En 2022, les médicaments pourraient être distribués à l'unité

1,5 KG
Chaque année en moyenne, un Français jette 1,5 kg de médicaments.

D'ici 2022, les pharmaciens pourraient délivrer les médicaments à l'unité. Une mesure désormais inscrite dans le projet de loi contre le gaspillage, qui pourrait cependant poser des problèmes au pharmacien.

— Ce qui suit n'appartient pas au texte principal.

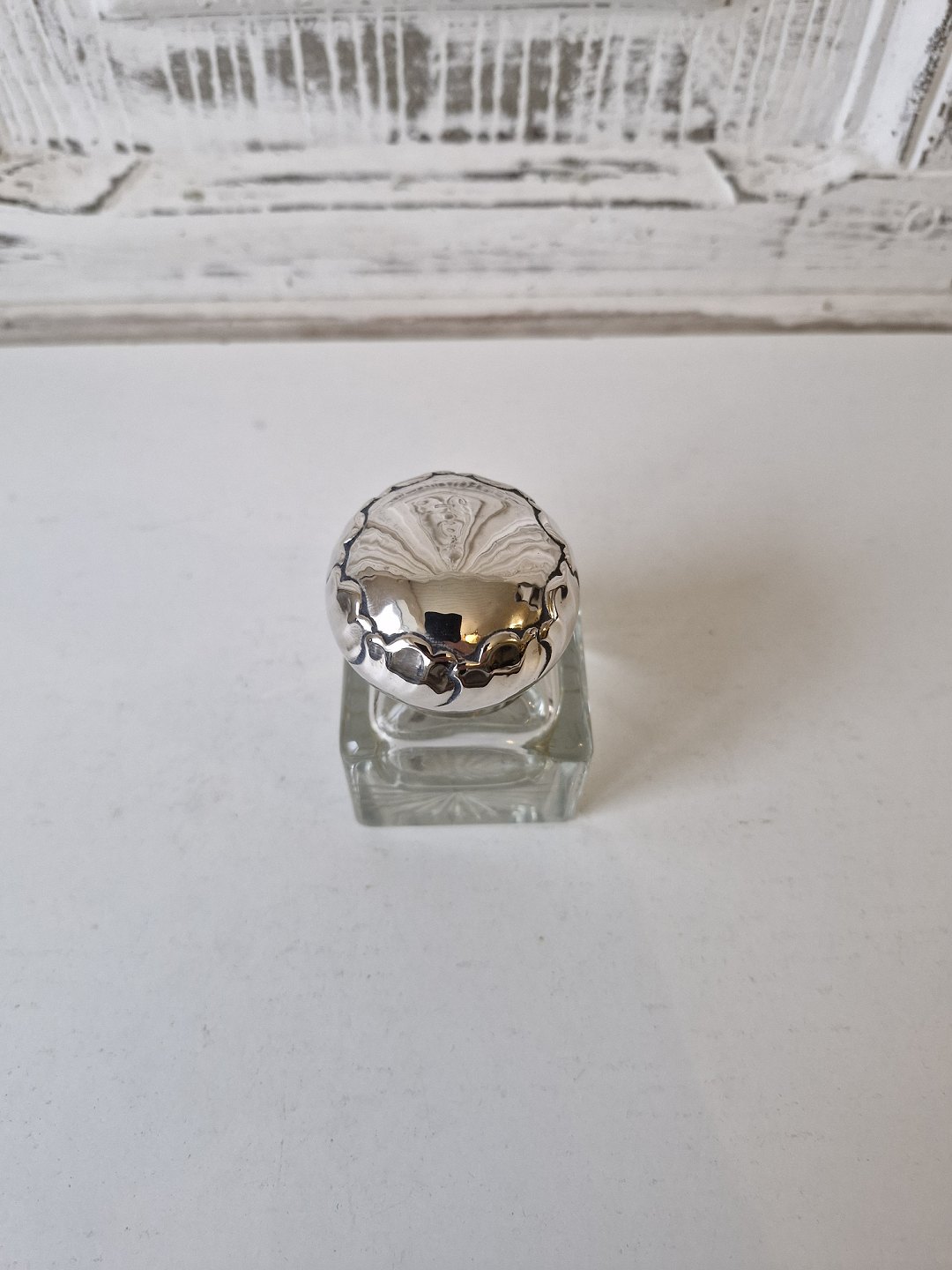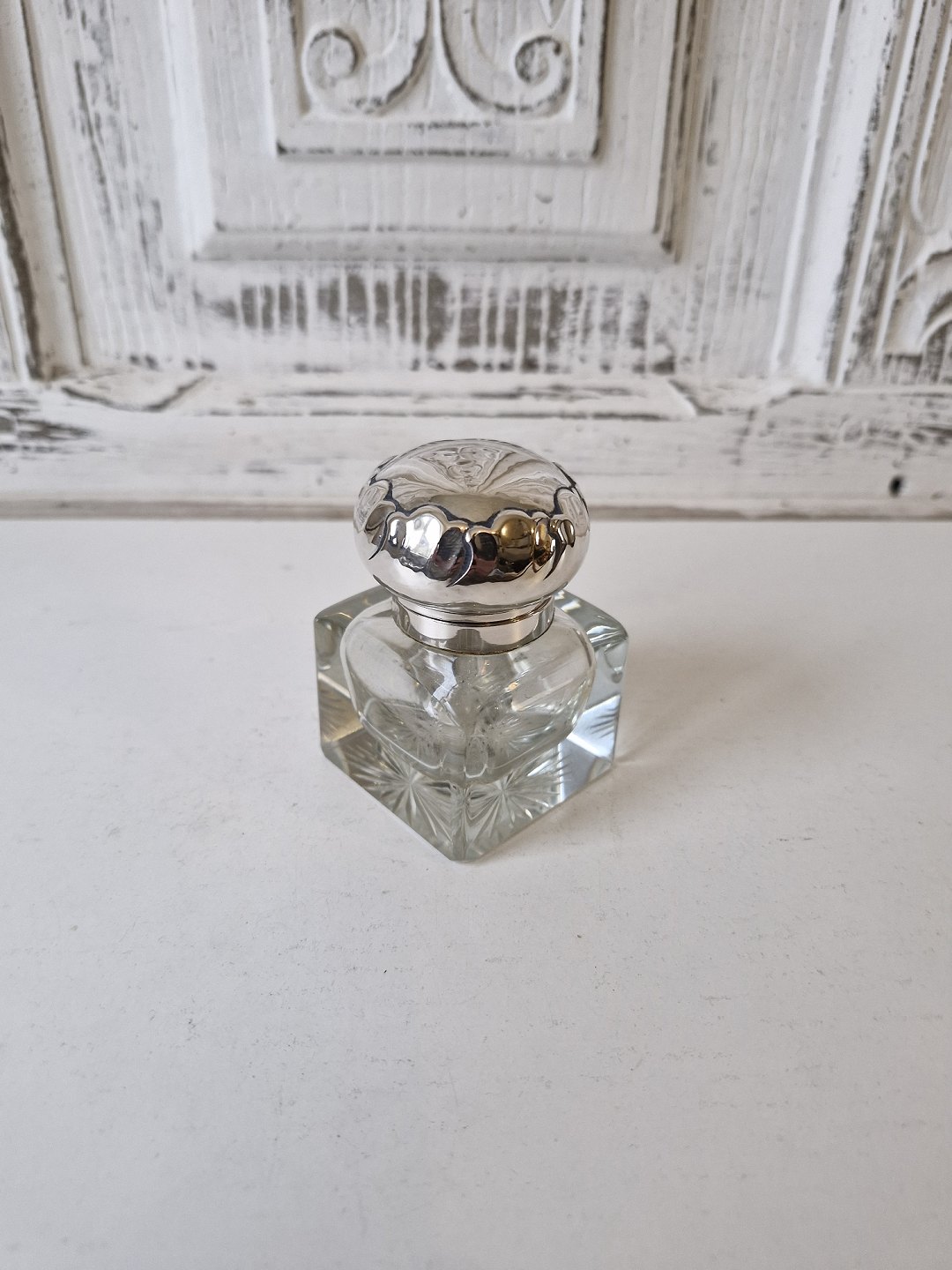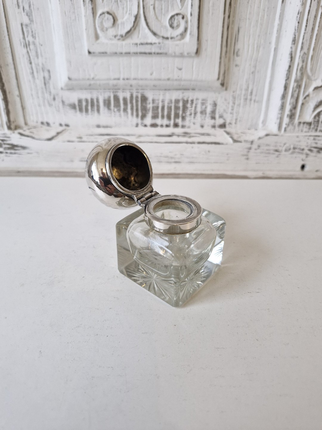 Blækhus i krystal med låg i sølv fra 1923

La mesure était une promesse du candidat Macron : le gouvernement a déposé et fait voter en première lecture un amendement sur la délivrance de médicaments à l'unité dans les pharmacies. Ce texte, ajouté à la loi contre le gaspillage actuellement en discussion à l'Assemblée nationale, dispose que « lorsque leur forme pharmaceutique le permet, la délivrance de certains médicaments en officine peut se faire à l'unité ». Cette mesure, si elle est adoptée définitivement, serait mise en œuvre au plus tard le 1er janvier 2022. Mais le gouvernement veut faire en sorte de rassurer les pharmaciens, c'est pourquoi le dispositif fera l'objet d'une concertation avec les professionnels.

Les pharmaciens inquiets

Il s'agit là d'une mesure « emblématique » de la lutte contre le gaspillage, a défendu Brune Poirson, la secrétaire d'État à la Transition écologique. Une mesure qui ne tombe pas du ciel : dans de nombreux pays en effet, les pharmacies délivrent les médicaments à l'unité sans que cela n'ait fait polémique. Malgré tout, le gouvernement a entendu les craintes des officines, qui se sont fait entendre tout le long de la semaine. Les décrets d'application seront précédés d'une concertation avec les parties prenantes, a souligné la secrétaire d'État.

Une expérimentation sur les antibiotiques

Brune Poirson a souligné que l'on ne partait pas d'une « page blanche ». Une expérimentation a en effet eu lieu pour les antibiotiques et visiblement sans soulever de polémique. Elle a également relevé que ce système de délivrance était entré dans les mœurs ailleurs. Le gouvernement entend de toutes manières limiter le dispositif à « quelques antibiotiques » dans un premier temps, pour lesquels l'intérêt d'une distribution à l'unité est « le plus évident ». De plus, le délai de l'amendement donne un peu de temps aux professionnels de la santé pour s'adapter.